Let $x_n$ be a sequence of positive real numbers, which is not convergent. ($x_n$ does not converge to a finite number, nor to infinity). Define

$$ A_n = \frac{x_1 + x_2 + \cdots + x_n}{n} \quad \text{ and }\quad G_n = \sqrt[n]{x_1x_2...x_n}.$$

Does the convergence of $A_n$ imply the convergence of $G_n$ or vice versa?

I know that if $x_n \to L \in \mathbb{R}\cup\{\infty\}$, then both $A_n,G_n$ converge to $L$. But here I assume $x_n$ is not convergent.

I also wonder if adding a boundedness assumption on $x_n$ changes anything.

Answer 1

This is a partial negative answer. Consider $$a_n = \begin{cases} n & \text{if $n$ is odd}, \\ \frac{1}{n-1} & \text{if $n$ is even}. \end{cases}$$ Then $$A_n \geq \frac{\frac{(n+1)^2}{4}}{n} \to \infty,$$ but $$G_n = \begin{cases} \sqrt[n]{n} & \text{if $n$ is odd}, \\ 1 & \text{if $n$ is even} \end{cases} \to 1.$$ Also note that even if both limits exist, they do not need to be equal.
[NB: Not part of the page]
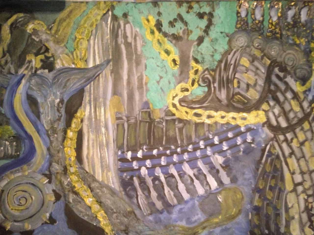 Первая. вид со спины. Старый седой человек раскинув руки стоит на вершине горы. Волосы его развиваются, он медленно рассыпается в прах. вторая. начало прошлого века. Несколько ...

This is easily seen by something simple such as $a_n = 2 + (-1)^n$.

Answer 2

Here's an example to show that the convergence of $A_n$ does not imply the convergence of $G_n$.

Let $\mathbb{N}_0$ denote the set of nonnegative integers, and let $S=\{2^k{\,\mid\,}k\in\mathbb{N}_0\}$.

Let the sequence $x_1,x_2,x_3,...$ be defined by $$ x_n= \begin{cases} {\large{\frac{1}{2^n}}}&\text{if}\;n\in S\\[4pt] 1&\text{otherwise} \end{cases} $$ Then the sequence $(x_n)$ is a bounded, non-convergent sequence of positive real numbers.

For $A_n$ we have $$ \frac{n-\bigl(\log_2(n)+1\bigr)}{n} < A_n < 1 $$ hence ${\displaystyle{\lim_{n\to\infty}}}A_n=1$.

For $G_n$ we have $$ G_n = \begin{cases} {\large{\frac{1}{2}}}&\text{if}\;n+1\in S\\[4pt] {\Large{\frac{{\Large{1}}}{2^{\left(2-{\large{\frac{1}{n}}}\right)}}}}&\text{if}\;n\in S\\ \end{cases} $$ hence the sequence $(G_n)$ has limit points ${\large{\frac{1}{2}}}$ and ${\large{\frac{1}{4}}}$, so $(G_n)$ is non-convergent.